爬虫框架之Scrapy（四 ImagePipeline）

ImagePipeline

使用scrapy框架我们除了要下载文本，还有可能需要下载图片，scrapy提供了ImagePipeline来进行图片的下载。

ImagePipeline还支持以下特别的功能：

1 生成缩略图：通过配置IMAGES_THUMBS = {'size_name': (width_size,heigh_size),}

2 过滤小图片：通过配置IMAGES_MIN_HEIGHT和IMAGES_MIN_WIDTH来过滤过小的图片。

具体其他功能可以看下参考官网手册:https://docs.scrapy.org/en/latest/topics/media-pipeline.html.

ImagePipelines的工作流程

1 在spider中爬取需要下载的图片链接，将其放入item中的image_urls.

2 spider将其传送到pipieline

3 当ImagePipeline处理时，它会检测是否有image_urls字段，如果有的话，会将url传递给scrapy调度器和下载器

4 下载完成后会将结果写入item的另一个字段images，images包含了图片的本地路径，图片校验，和图片的url。

示例爬取巴士lol的英雄美图

只爬第一页

http://lol.tgbus.com/tu/yxmt/

第一步:items.py

import scrapy

class Happy4Item(scrapy.Item):

    # define the fields for your item here like:

    # name = scrapy.Field()

    image_urls = scrapy.Field()

    images = scrapy.Field()

爬虫文件lol.py

# -*- coding: utf-8 -*-

import scrapy

from happy4.items import Happy4Item

class LolSpider(scrapy.Spider):

    name = 'lol'

    allowed_domains = ['lol.tgbus.com']

    start_urls = ['http://lol.tgbus.com/tu/yxmt/']

    def parse(self, response):

        li_list = response.xpath('//div[@class="list cf mb30"]/ul//li')

        for one_li in li_list:

            item = Happy4Item()

            item['image_urls'] =one_li.xpath('./a/img/@src').extract()

            yield item

最后 settings.py

BOT_NAME = 'happy4'

SPIDER_MODULES = ['happy4.spiders']

NEWSPIDER_MODULE = 'happy4.spiders'

# Crawl responsibly by identifying yourself (and your website) on the user-agent

USER_AGENT = 'Mozilla/5.0 (compatible; MSIE 9.0; Windows NT 6.1; Trident/5.0'

# Obey robots.txt rules

ROBOTSTXT_OBEY = False

ITEM_PIPELINES = {

   'scrapy.pipelines.images.ImagesPipeline': 1,

}

IMAGES_STORE = 'images'

不需要操作管道文件，就可以爬去图片到本地

极大的减少了代码量.

注意：因为图片管道会尝试将所有图片都转换成JPG格式的，你看源代码的话也会发现图片管道中文件名类型直接写死为JPG的。
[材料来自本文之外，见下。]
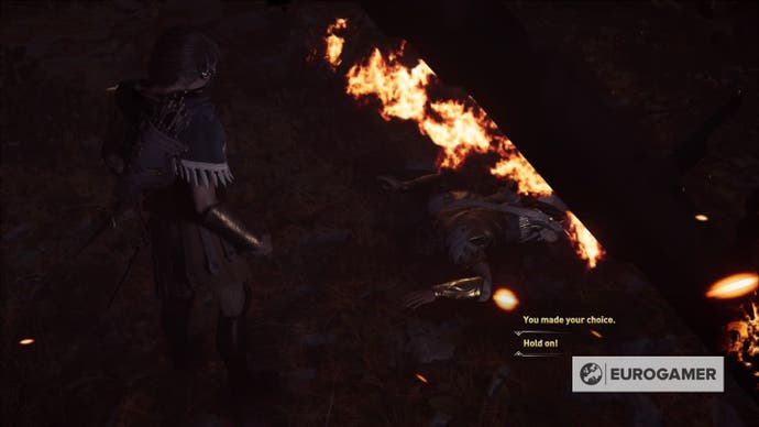 Wenn Sie endlich Nikolaus persönlich (als Teil des Wolfs von Sparta Mission) treffen, zeigen Sie Ihre wahre Identität und verlangen zu wissen, warum Ihr eigener Vater Sie zu Ihrem geworfen hat Doom. Wenn Sie ihn daran erinnern, dass der Kopf auf dem Kopf ist, haben Sie die folgenden zwei Möglichkeiten: „Ich bin gekommen, um meine Rache zu nehmen“ und „Ich bin gekommen, um Antworten zu bekommen“. Wählen Sie die zweite aus, da dies sicherstellt, dass Nikolaus lebt (damit Sie ihm in Kapitel sieben wieder begegnen können).

所以如果想要保存原始类型的图片，就应该使用文件管道。

示例爬取mm131美女图片

http://www.mm131.com/xinggan/

要求爬取的就是这个网站

这个网站是有反爬的，当你直接去下载一个图片的时候，你会发现url被重新指向了别处，或者有可能是直接报错302，这是因为它使用了referer这个请求头里的字段，当你打开一个图片的url的时候，你的请求头里必须有referer，不然就会被识别为爬虫文件，禁止你的爬取，那么如何解决呢？

手动在爬取每个图片的时候添加referer字段。

xingan.py

# -*- coding: utf-8 -*-

import scrapy

from happy5.items import Happy5Item

import re

class XinganSpider(scrapy.Spider):

    name = 'xingan'

    allowed_domains = ['www.mm131.com']

    start_urls = ['http://www.mm131.com/xinggan/']

    def parse(self, response):

        every_html = response.xpath('//div[@class="main"]/dl//dd')

        for one_html in every_html[0:-1]:

            item = Happy5Item()

            # 每个图片的链接

            link = one_html.xpath('./a/@href').extract_first()

            # 每个图片的名字

            title = one_html.xpath('./a/img/@alt').extract_first()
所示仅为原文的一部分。